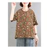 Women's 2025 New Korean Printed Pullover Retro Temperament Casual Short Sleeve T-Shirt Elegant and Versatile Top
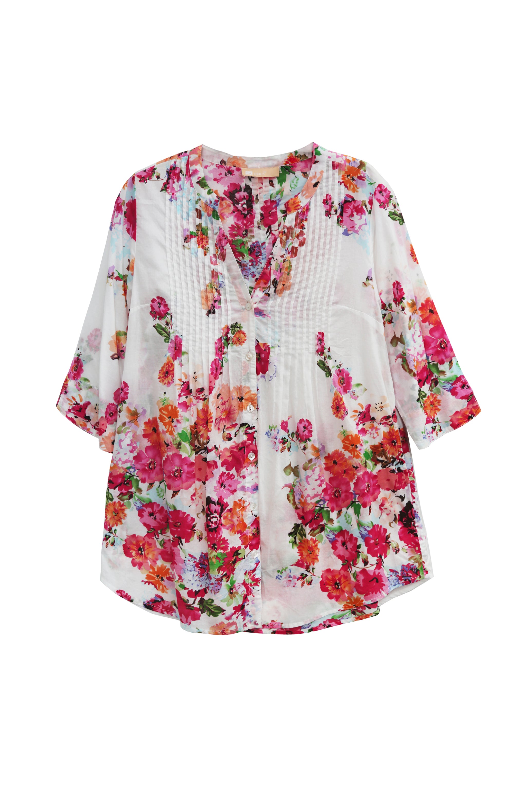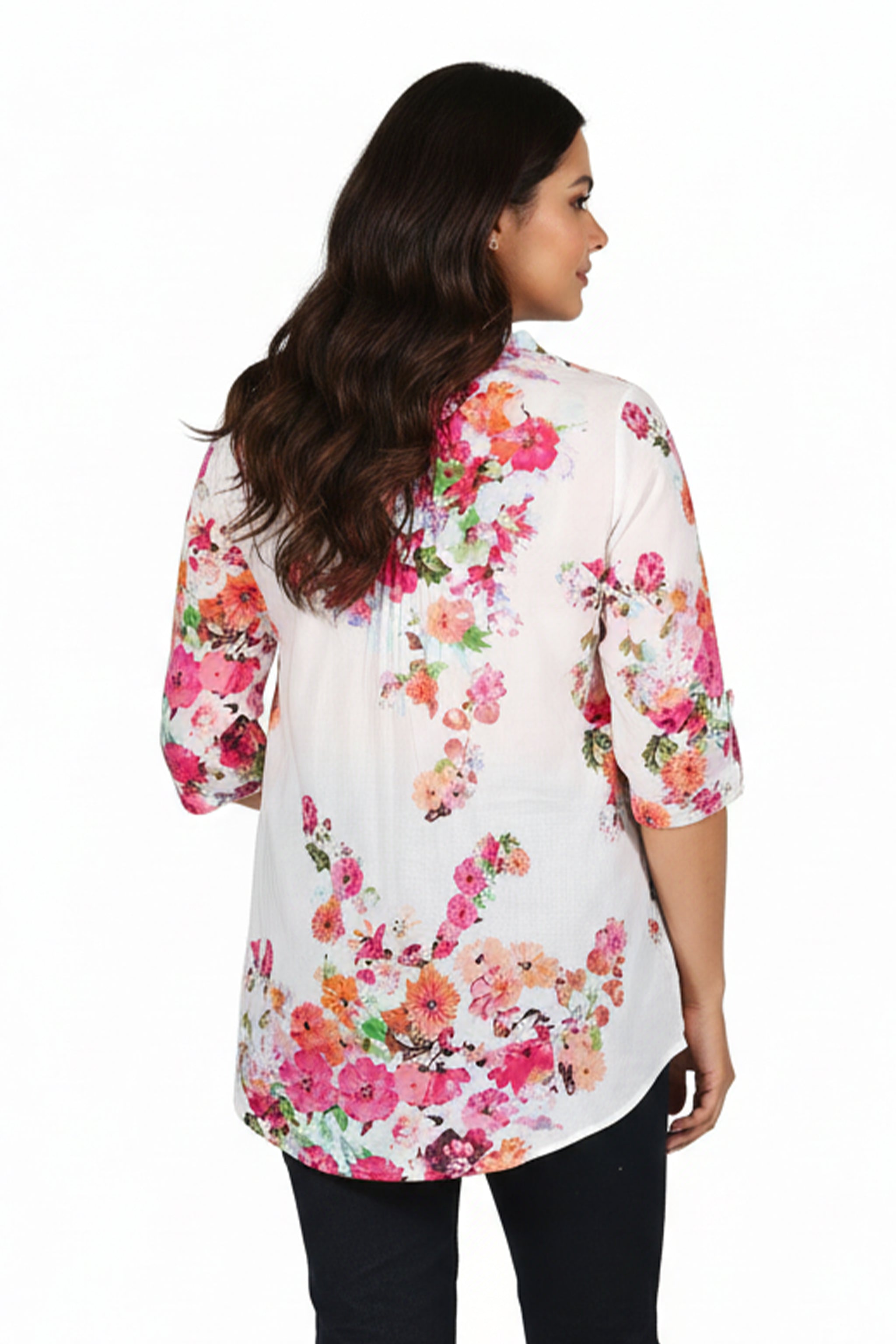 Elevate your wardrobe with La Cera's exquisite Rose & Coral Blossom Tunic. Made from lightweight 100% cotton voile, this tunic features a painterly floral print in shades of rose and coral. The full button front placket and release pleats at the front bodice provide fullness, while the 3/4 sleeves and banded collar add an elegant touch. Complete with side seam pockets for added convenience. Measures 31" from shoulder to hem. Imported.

==

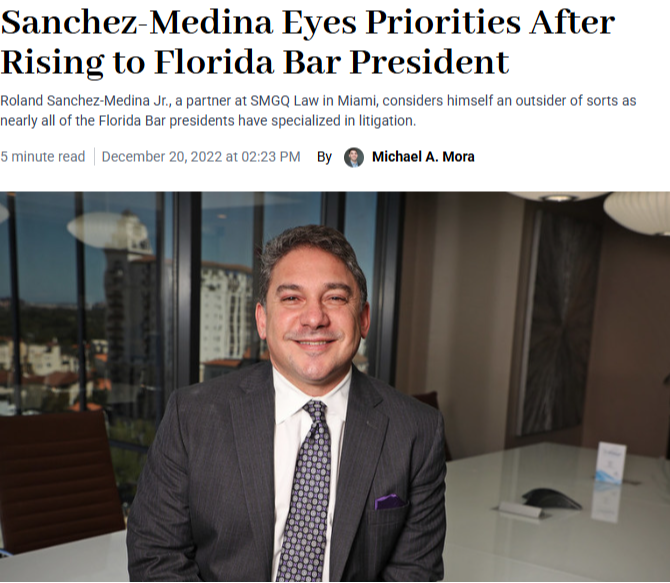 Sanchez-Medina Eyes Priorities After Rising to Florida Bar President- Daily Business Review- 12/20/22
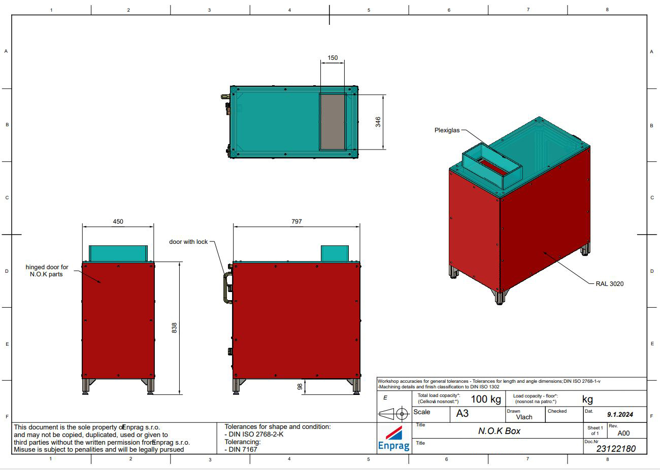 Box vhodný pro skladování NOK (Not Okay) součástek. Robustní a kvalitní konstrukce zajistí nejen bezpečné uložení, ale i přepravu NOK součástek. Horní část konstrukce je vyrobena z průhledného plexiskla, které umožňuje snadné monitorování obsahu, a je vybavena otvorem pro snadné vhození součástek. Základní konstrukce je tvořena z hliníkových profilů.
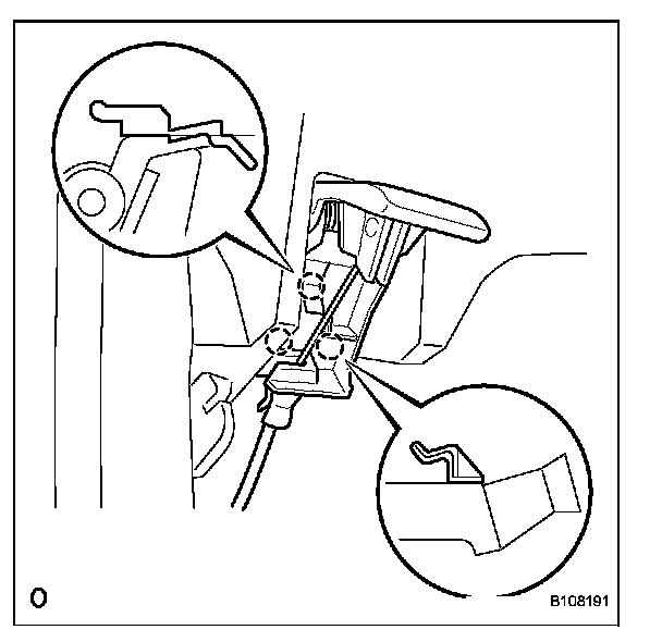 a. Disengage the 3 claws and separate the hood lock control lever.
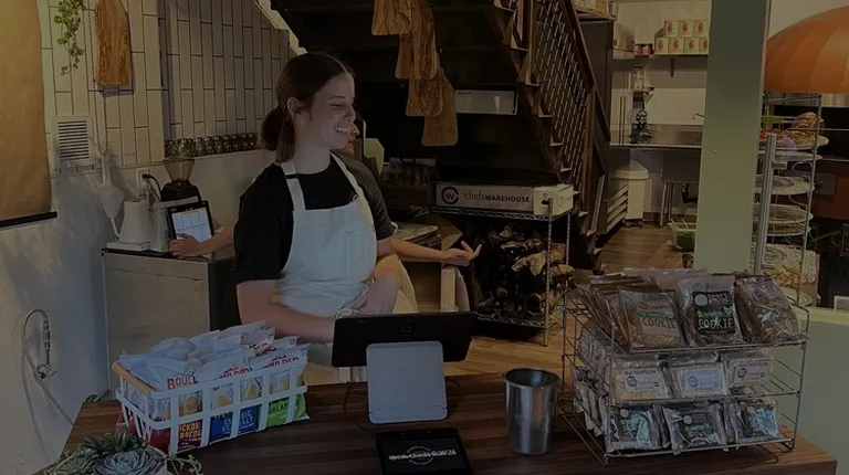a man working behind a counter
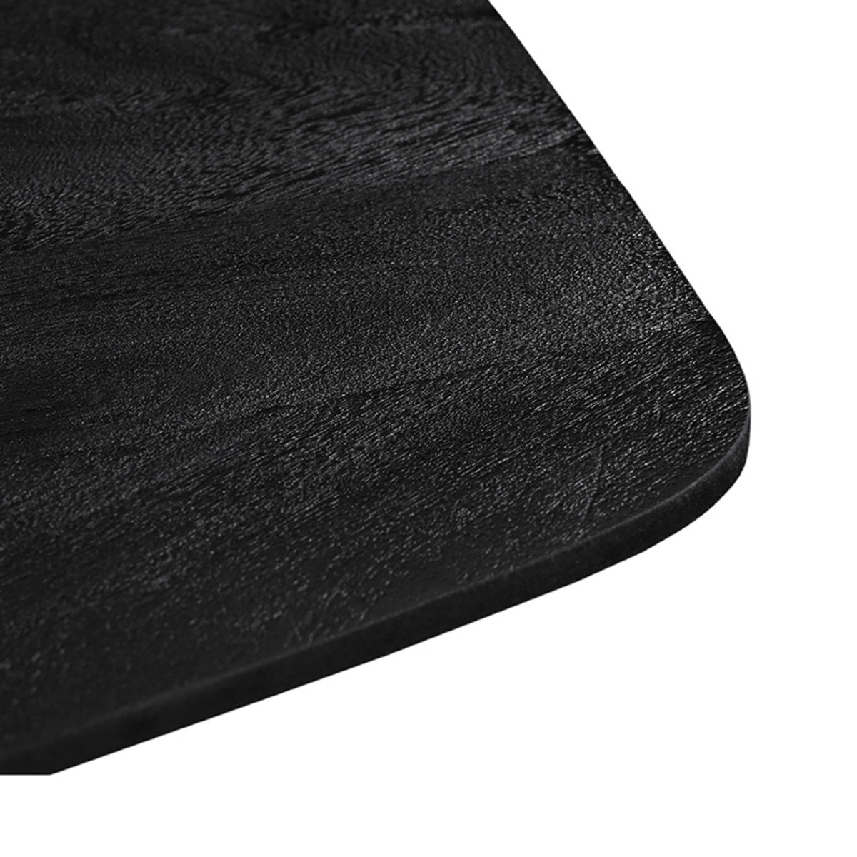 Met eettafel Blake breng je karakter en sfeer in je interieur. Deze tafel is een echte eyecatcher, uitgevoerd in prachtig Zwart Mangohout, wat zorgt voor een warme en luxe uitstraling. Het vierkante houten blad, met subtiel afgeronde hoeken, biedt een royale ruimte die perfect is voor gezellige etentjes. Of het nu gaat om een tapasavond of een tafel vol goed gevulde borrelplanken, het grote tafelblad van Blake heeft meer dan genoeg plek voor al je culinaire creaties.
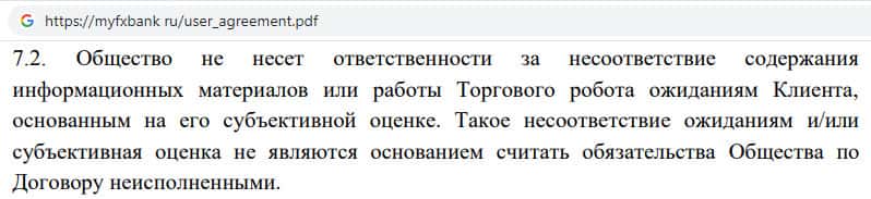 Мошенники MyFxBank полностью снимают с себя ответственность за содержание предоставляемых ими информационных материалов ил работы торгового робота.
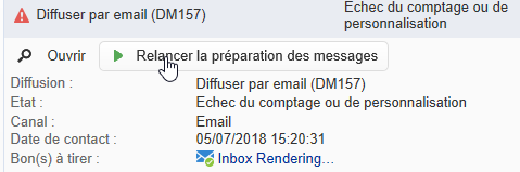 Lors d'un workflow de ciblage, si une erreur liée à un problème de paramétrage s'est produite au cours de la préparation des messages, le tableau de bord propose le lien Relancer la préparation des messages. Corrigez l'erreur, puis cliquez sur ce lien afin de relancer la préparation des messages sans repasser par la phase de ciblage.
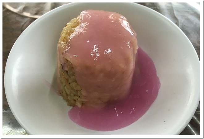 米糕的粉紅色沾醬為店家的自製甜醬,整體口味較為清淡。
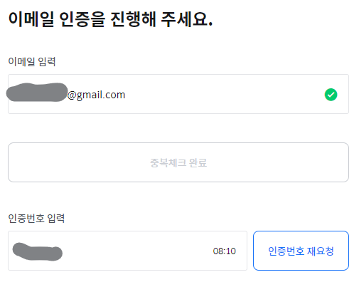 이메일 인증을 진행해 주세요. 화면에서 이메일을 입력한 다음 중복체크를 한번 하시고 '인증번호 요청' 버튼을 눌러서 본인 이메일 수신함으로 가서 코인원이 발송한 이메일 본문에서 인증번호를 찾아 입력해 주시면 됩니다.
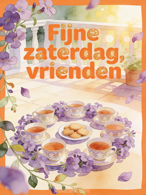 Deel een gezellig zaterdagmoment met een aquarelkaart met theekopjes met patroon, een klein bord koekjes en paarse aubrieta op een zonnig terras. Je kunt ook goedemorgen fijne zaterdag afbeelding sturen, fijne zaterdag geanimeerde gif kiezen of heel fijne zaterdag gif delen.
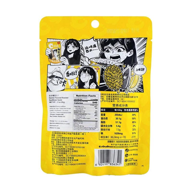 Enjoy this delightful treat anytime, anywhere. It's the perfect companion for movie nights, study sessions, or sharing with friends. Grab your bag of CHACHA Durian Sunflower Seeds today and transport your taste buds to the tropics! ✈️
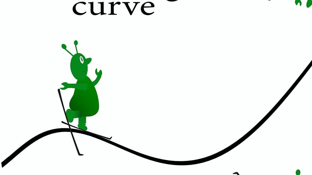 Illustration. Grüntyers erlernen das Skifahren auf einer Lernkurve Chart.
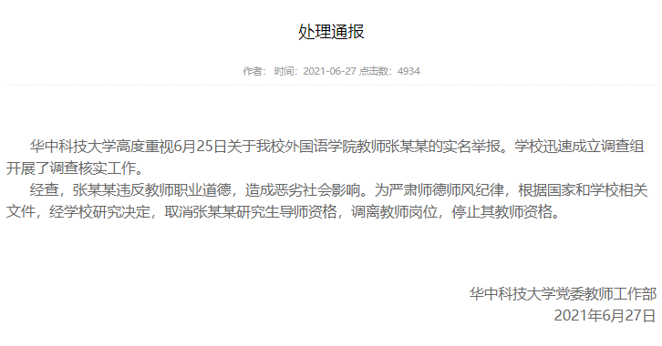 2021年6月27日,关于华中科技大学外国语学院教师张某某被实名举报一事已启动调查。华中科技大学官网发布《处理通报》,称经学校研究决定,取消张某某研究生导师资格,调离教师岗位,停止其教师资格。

(Work item): Pictures are to be left out. Write out only the lines above starting at the one with "Deel een gezellig" and ending at the one with "2021年6月27日,关于华", both lines included, exactly.

(Result of the exercise):
 Deel een gezellig zaterdagmoment met een aquarelkaart met theekopjes met patroon, een klein bord koekjes en paarse aubrieta op een zonnig terras. Je kunt ook goedemorgen fijne zaterdag afbeelding sturen, fijne zaterdag geanimeerde gif kiezen of heel fijne zaterdag gif delen.
 Enjoy this delightful treat anytime, anywhere. It's the perfect companion for movie nights, study sessions, or sharing with friends. Grab your bag of CHACHA Durian Sunflower Seeds today and transport your taste buds to the tropics! ✈️
 Illustration. Grüntyers erlernen das Skifahren auf einer Lernkurve Chart.
 2021年6月27日,关于华中科技大学外国语学院教师张某某被实名举报一事已启动调查。华中科技大学官网发布《处理通报》,称经学校研究决定,取消张某某研究生导师资格,调离教师岗位,停止其教师资格。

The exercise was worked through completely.